'Alive', the new single from Antwerp trio BLUAI, started with guilt. Songwriter and guitarist Catherine Smet wrote it in the shadow of her grandmothers' deaths. Not just as an act of mourning, but as a reckoning with all the time she hadn't taken. The visits deferred, the conversations half-had, the presence that was never quite fully given. "The question becomes," the band reflect, "how many relationships, how many moments, slip through our fingers because we fail to live them fully, with the intensity they deserve?"
From that guilt came something less expected: a near-desperate urge to be here, fully, right now. 'Alive' moves between grief and appetite without resolving the distance between them. It's a song about the particular kind of restlessness that follows loss. The realization that you've been living at a remove from your own life, and the determination, however ragged, to stop.
The song carries that tension without spelling it out. There's room in it for different kinds of longing: the loss of someone gone, the loss of time wasted, the specific ache of queer heartbreak, and the band has kept that space open deliberately. What holds it together isn't a single reading but a single feeling: the hunger to be alive in a way you weren't before.

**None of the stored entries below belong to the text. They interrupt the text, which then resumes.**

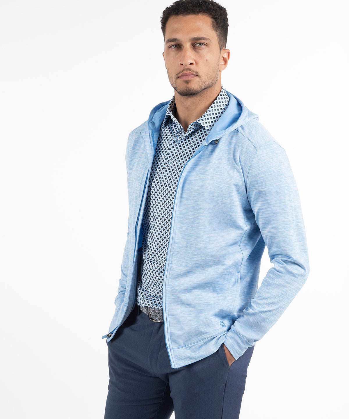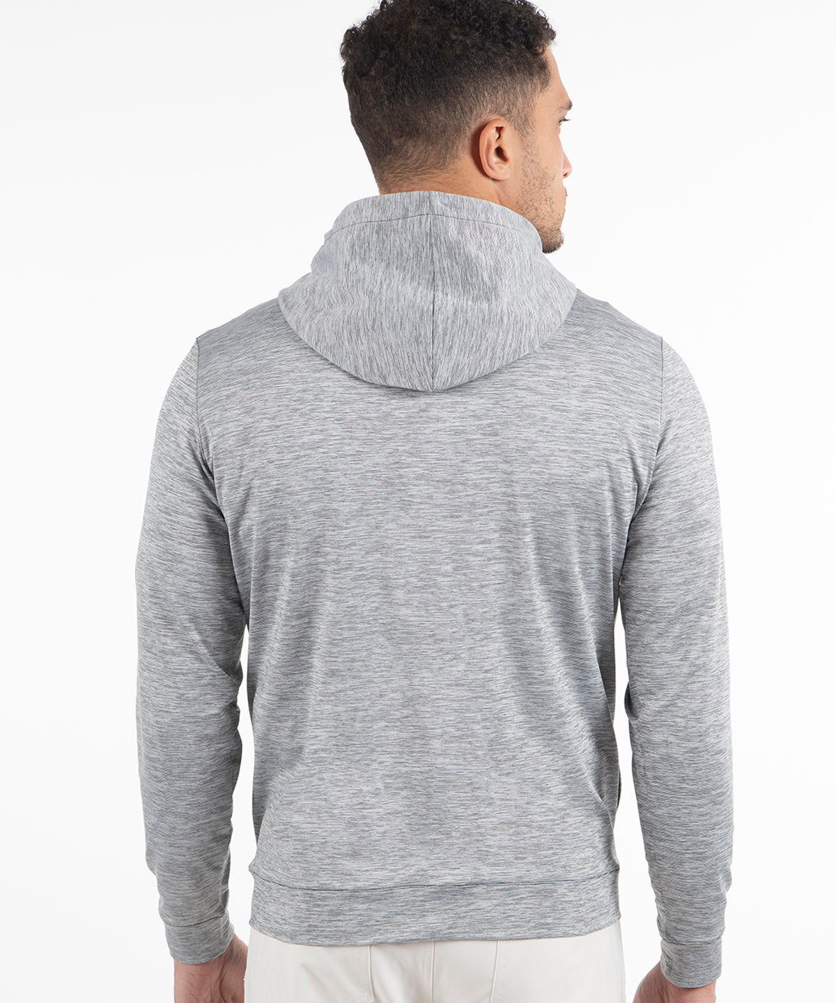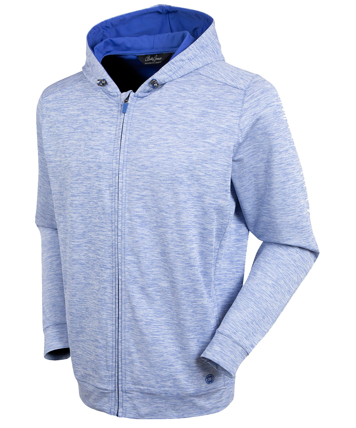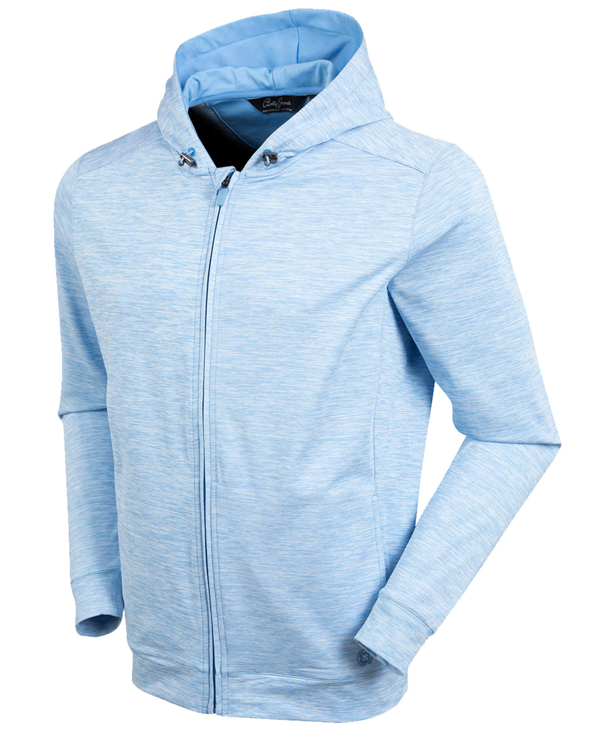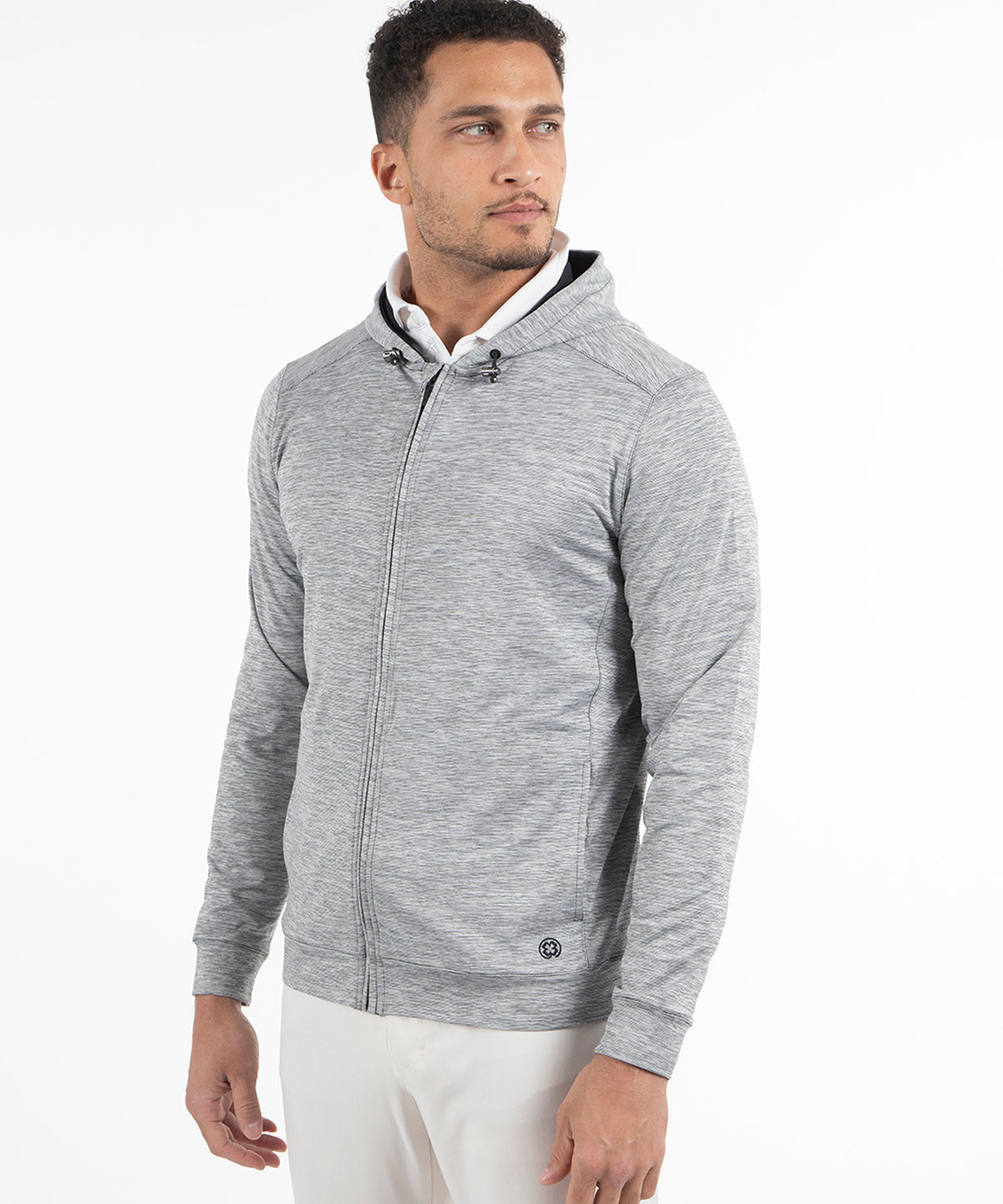 Versatile, lightweight, and built for performance, the Performance Clubhouse Full-Zip Hoodie delivers comfort and protection with a sleek, modern design. Crafted from a premium blend of 88% polyester and 12% spandex, this hoodie features a heathered fabric texture, offering a refined, athletic look that transitions effortlessly from the course to casual wear.
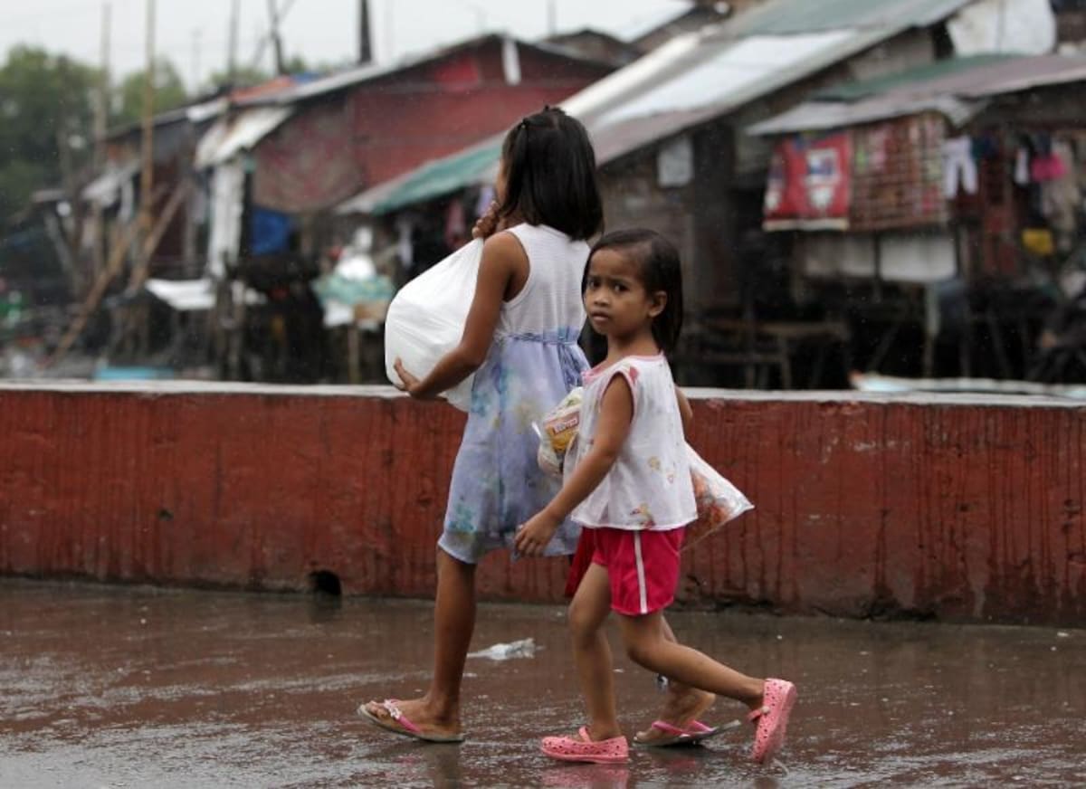 Unos residentes filipinos atraviesan un río este en una aldea costera de Las Pinas, sur de Manila.
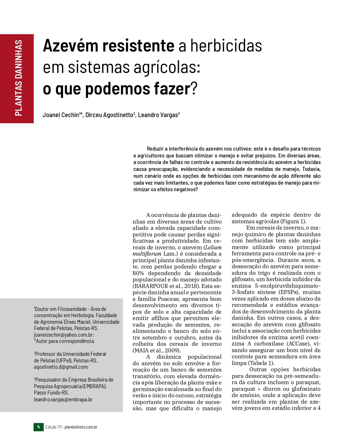 Azevém resistente a herbicidas em sistemas agrícolas: o que podemos fazer?
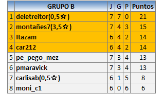 Deja un comentarioEn está página se irán publicando los resultados de las diferentes partidas, siendo ambos jugadores responsables de subirlos o de comprobar que ya hayan sido publicados insertando un COMENTARIO en la parte inferior de la pantalla (opción “Deja tu comentario”), indicando el nombre de los dos jugadores y los puntos obtenidos en la partida.
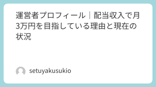 運営者プロフィール|配当収入で月3万円を目指している理由と現在の状況
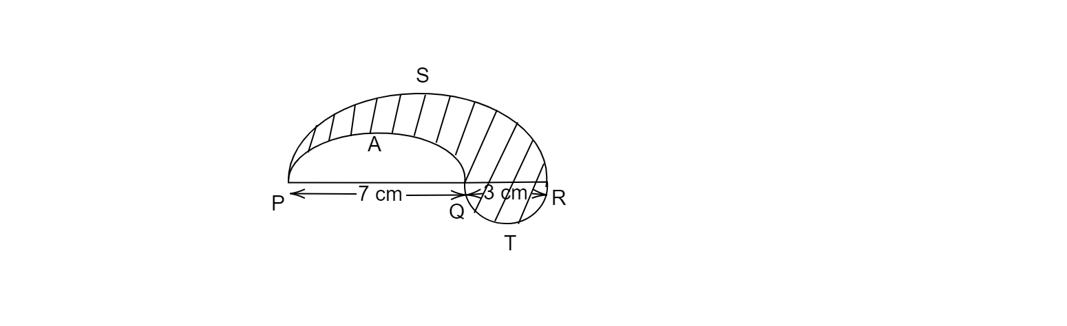 圖5中,PSR、RTQ和PAQ分別是直徑為10釐米、3釐米和7釐米的三個半圓。求陰影區域的周長。[使用π = 3.14]

BLUAI have spent the past year playing to audiences far outside Belgium. Festival crowds in the UK, the Netherlands, Spain and Austria, club shows that have extended their reach well beyond what their debut album ‘Save It For Later’ (2024) first mapped out. That accumulated live experience shapes how 'Alive' sounds: direct, physical, a band that knows how a song needs to move in a room.
BLUAI play Pukkelpop in August and De Roma in Antwerp in 2027, and head out on a UK run in October supporting The Clockworks.